Because this analysis compares the research preferences in subject areas instead of the absolute research output of universities consequently the cosine distance is more appropriate than Euclidean distance. Cosine distance refers to cosine of the angle between two vectors. Generally, the angle between two vectors is used as a measure of divergence between the vectors. A cosine value of 0 means that the two vectors are at 90° to each other (orthogonal) and have no match. The closer the cosine value to 1, the smaller the angle and the greater the match between vectors. (Singhal 2001; Zhao and Suzuki 2015; Zhigang et al. 2017; Lin et al. 2018).

The publications of each research university in several subject areas were counted, and the disciplinary distribution vector of every research university was constructed to calculate the degree of discipline similarity between any two research universities based on cosine similarity formula. After calculating the similarity of the research universities, we applied the method of Agglomerative Hierarchical Clustering.

Agglomerative hierarchical clustering

Cluster analysis allows to identify the natural structure of a dataset and also to categorize the objects into different clusters where objects within a same cluster are quite similar to each other (Arbelaitz et al. 2013). Hierarchical clustering (Zhang et al. 1996) shows a hierarchical structure of the input data set instead of only one partition. It successively seeks to build a hierarchy of clusters (presented in a dendrogram) via two types of strategies: Agglomerative hierarchical clustering algorithm or AGNES (agglomerative nesting) (bottom–up) and Divisive Hierarchical clustering algorithm or DIANA (divisive analysis) (top down).

Such categorization is inspired from the mechanism of grouping the objects whether bottom up or top–down approach. AHC is considered as a bottom–up hierarchical approach where each object is set in a separated cluster (Bouguettaya et al. 2015) then AHC will merge such clusters into larger clusters. The process continues until a specific termination has been reached. A complete linkage algorithm aims to identify the similarity between two clusters by measuring two nearest data points that are located in different clusters.
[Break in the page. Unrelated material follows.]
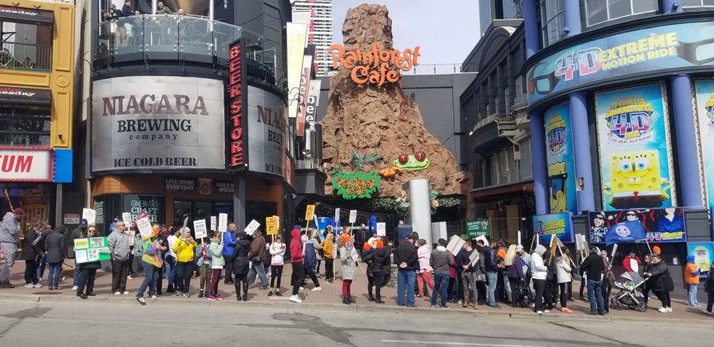 Canadian Niagara Hotels owns multiple restaurants in Niagara Falls on the same block. To truly damage the owner’s income stream from their behavior during the strike, the union would have to launch a boycott of all its businesses. One advantage Rainforest Café strikers held was sheer numbers in their bargaining unit and via activists from the United States and Canada. When I visited the Rainforest Café picket line, it was a cold, wet, windy day. Even though we were all drenched and freezing, ten strikers still showed up. They routinely turn out 30-plus to their Saturday rallies. With enough strikers to surround the property, the workers are actually equipped to damage profits. The restaurant has been almost completely empty on some weekend rush times, and organizers estimate Rainforest Café had lost over $1.5 million by week 4 of the strike.

Hence, the merge will be done between the clusters that have a minimum distance (most similar) between each other (Barirani et al. 2013; Sammour 2019).

The text mining function of VOSviewer (van Eck and Waltman 2011) was chosen to create a map based on the text used in the title and abstract fields of research universities publications. We chose fractionalization and binary counting and selecting 5 as the minimum number of documents in which a term is required to occur in order to remain in the analysis. The number of terms that meet the threshold was 2500. Terms that do not occur in a sufficiently large number of documents have now been removed from the analysis. Among the remaining terms, we proposed to keep 60% of the terms that should remain in the analysis. VOSviewer removed from the analysis the terms that appear to be least relevant (van Eck and Waltman 2017; Waltman and van Eck 2013; Waltman et al. 2010). At the same time, we use a thesaurus file to remove non-informative terms and to merge terms that are synonyms. A thesaurus file is a plain text file consisting of two tab-delimited columns.

Results

Overview scientific performance research universities

In Table 1 we can observe indicators to measure research performance of the top 20 research universities. We extracted indicators from THE 2020 (overall, research, citations) and we applied metrics from SciVal (scholarly output, citation count, collaboration, etc.)
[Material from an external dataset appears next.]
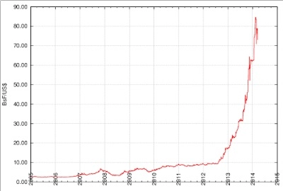 Valeur du dollar parallèle entre janvier 2005 et février 2014. Son augmentation exponentielle coïncide "bizarrement" avec le départ d’Hugo Chávez. Source : http://dolarparalelo.tk/

Table 1 Indicators applied to top 20 research universities

The three universities with the highest THE general score are University of Oxford, California Institute of Technology and University of Cambridge. According to the THE indicators we can confirm that University of Oxford had the highest score in Research (99.6) and Stanford university excelled others in the Citations metric (99.9). Regarding to SciVal metrics Harvard university produced the largest number of publications (149,867) and also obtained the largest amount of citations (2,843,045). Massachusetts Institute of Technology (MIT) achieved the highest average of citations per publication (20.6).

ETH Zurich was the most collaborative university with a 65% of its papers in collaboration. Stanford university succeeded in collaboration impact (27.4) and in the FWCI (2.66). California Institute of Technology published the highest percentage in output in top 10% citation percentiles (32.7). It is maybe worthwhile to mention that the Jet Propulsion Laboratory, a federal owned lab funded by NASA, is operated as a division of California Institute of Technology partially it may explain the high position of the university in metrics. Massachusetts Institute of Technology (MIT) had the highest percentage of publications in top 10% journal percentiles (53.8).

Regarding to Academic-Corporate Collaboration and Academic-Corporate Collaboration Impact, Massachusetts Institute of Technology (8.7) and Yale University (57.4) highlighted in these indicators from others.

As we can appreciate according to the metrics, they all share high levels of productivity, collaboration and impact levels. All of them have high level of publications in top 10% journals, and a FWCI higher than 2 indicating that their publications have been cited twice more than would be expected based on the world average for similar publications.

The following Table 2 shows the Spearman correlation among all the indicators from the research universities.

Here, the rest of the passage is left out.